How they're getting in
The attack vector is straightforward: PLCs that are directly internet-exposed. Threat actors are using legitimate Rockwell configuration software (Studio 5000 Logix Designer) over standard OT ports to establish connections that look like normal engineering traffic. Key ports to watch in your telemetry include:
- 44818 — Ethernet/IP (primary)
- 2222 — Ethernet/IP (secondary)
- 22 — SSH (Dropbear SSH has been deployed on victim endpoints)
- 502 — Modbus
- 102 — Siemens S7
What to do right now
If you operate PLCs in any of the targeted sectors, take these steps immediately:
- Remove your PLCs from direct internet exposure. Any remote access needs to go through a jump host or secure gateway. Attackers should never be able to reach OT ports directly from the internet.
- Check your logs against the published IOCs. The advisory includes a list of Iranian-affiliated IP addresses active from January 2025 through March 2026. Query your network telemetry against these and investigate any hits.
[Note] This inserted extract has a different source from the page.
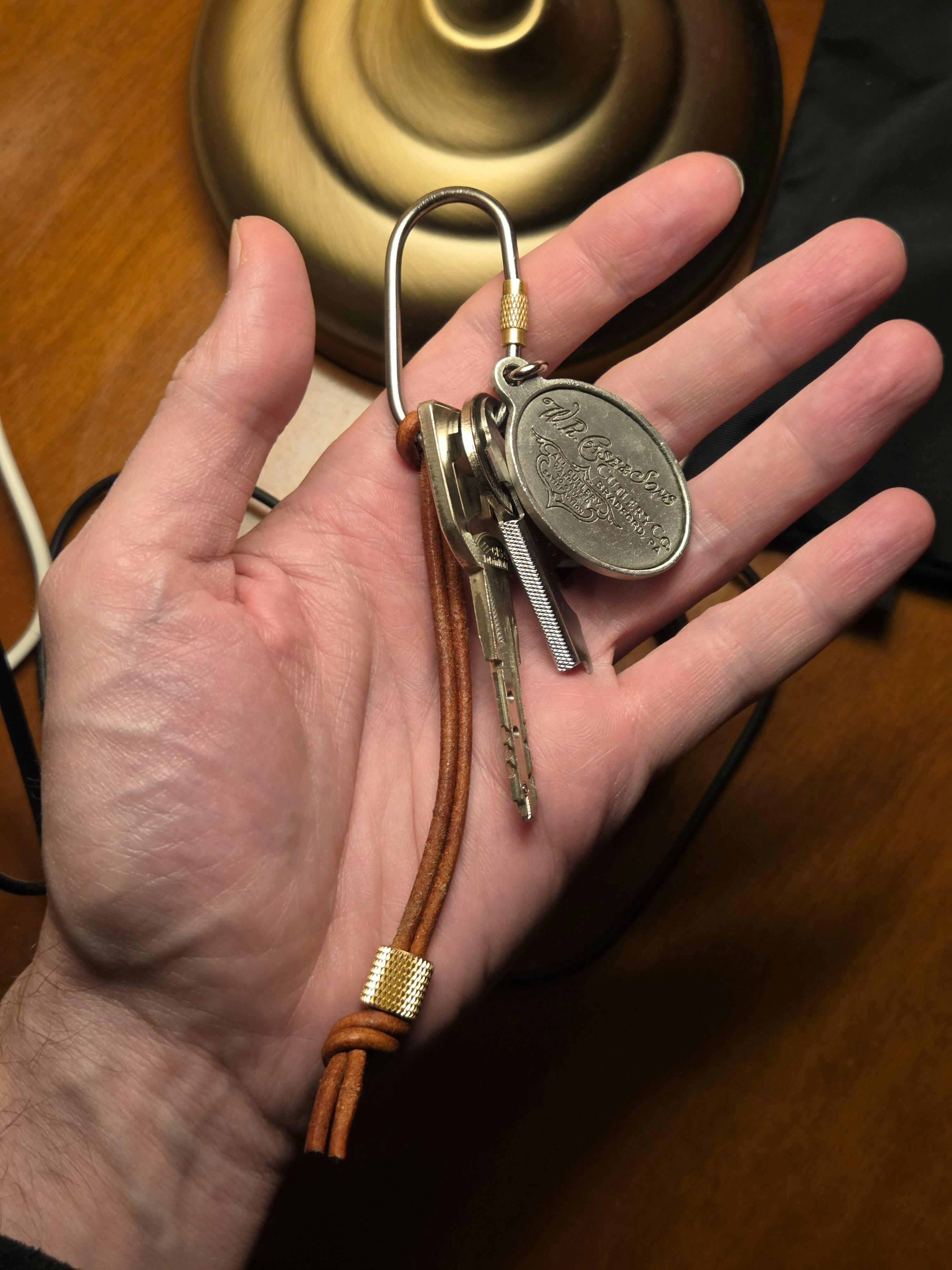I hate carrying bags or backpacks, so I always keep everything in my pockets. That’s why I was looking for the smallest wallet possible to hold my driving license, cards, some cash, and safely store my apartment key without scratching my car key fob. This wallet is perfect! I love its design, small size, and functionality. It easily holds five cards, some cash, and two keys. If you use only one key, it’s fully covered by the leather sleeve. I absolutely love it!

IOC files (STIX XML and JSON) are available directly from the CISA advisory.
- Hunt for unusual connections on OT ports. Look for any external IP addresses, especially from overseas hosting providers, communicating with the ports listed above.
- For Rockwell Allen-Bradley PLCs: The physical selector switch on your controller should be moved from Remote or Program to Run mode. This prevents remote modification of PLC logic entirely. Only move it back to Program when you're actively performing updates, and switch it back immediately when done.
Stay vigilant
Due to recent world events, Iranian threat actors have significantly increased their operational tempo. As this situation continues to evolve, we'll keep publishing updates when new information becomes available.